Tsvangirai withdraws boycott on unity govt

Friday, November 6, 2009

Pretoria - Zimbabwe's opposition leader Morgan Tsvangirai announced that his party would end its boycott of the country's unity deal and give President Robert Mugabe's party 30 days to fulfill its commitments under their power-sharing agreement.

The announcement came after the Southern African Development Community (SADC) Troika, which comprises Mozambique, Zambia and Switzerland, held talks here with Zimbabwe parties.

Speaking to reporters, Tsvangirai said he and his party would give Mugabe of the ZANU-PF party a period of one month to fully implement the power-sharing deal signed by the major political parties of Zimbabwe in September 2008.

"We have suspended our disengagement from the GPA (Global Political Agreement) with immediate effect and we will give President Robert Mugabe 30 days to implement the agreement on the pertinent issues we are concerned about."

He said his return to the cabinet would give the southern African group time to mediate

Tsvangirai suspended co-operation with President Robert Mugabe's Zanu-PF three weeks ago over a number of disputes.
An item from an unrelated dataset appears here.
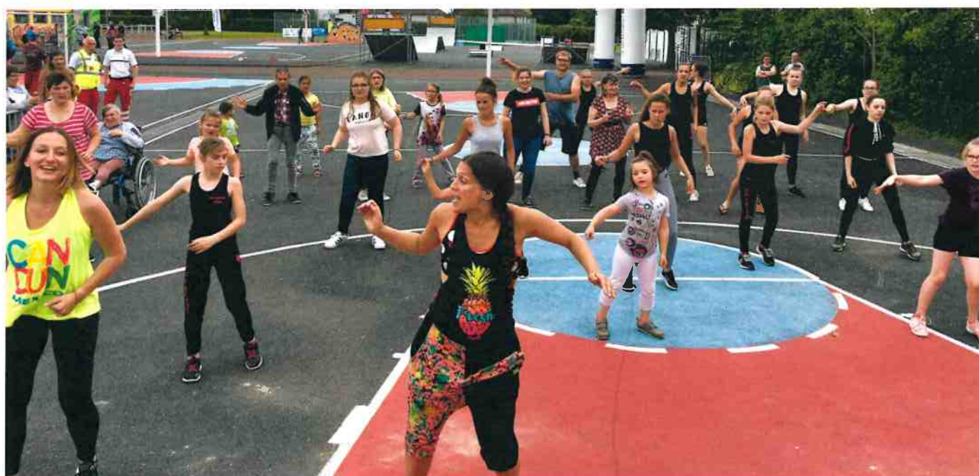
Retour en force de la Zumba pour l'édition 2018 de la Fête du sport à Colombelles

The MDC had been boycotting cabinet meetings but its ministers were continuing to run their departments.

The leaders urged Mugabe and Tsvangirai to resume their cooperation in the interest of the country.

The outstanding issues include the future of Reserve Bank of Zimbabwe governor Gideon Gono and Attorney-General Johannes Tomana, the appointment of provincial governors and the activation of the National Security Council.

Chairman of the SADC Troika and President of Mozambique Armando Guebuza said at the opening of the meeting that Zimbabweans can overcome their challenges.

Guebuza urged the leaders of Zimbabwe's three main political parties to capitalise on the points that unite them for the good of the people of the country and of the entire region.

"We would like to stress that the challenges are enormous, but they can be overcome," Guebuza said, expressing his hope that the summit could obtain from Zimbabwean leaders the undertakings to continue working together to overcome the present challenges for the national interest of the country in first place.

Guebuza said that everything should be done to maintain political stability for the continued inflow of foreign investment needed to continue the relaunching of economic activity.

He said he was optimistic because the SADC mission to Zimbabwe has found that there are more points of convergence than disagreement.

Also attending the summit was President Jacob Zuma, Zambian leader Rupiah Banda and Swaziland's King Mswati II.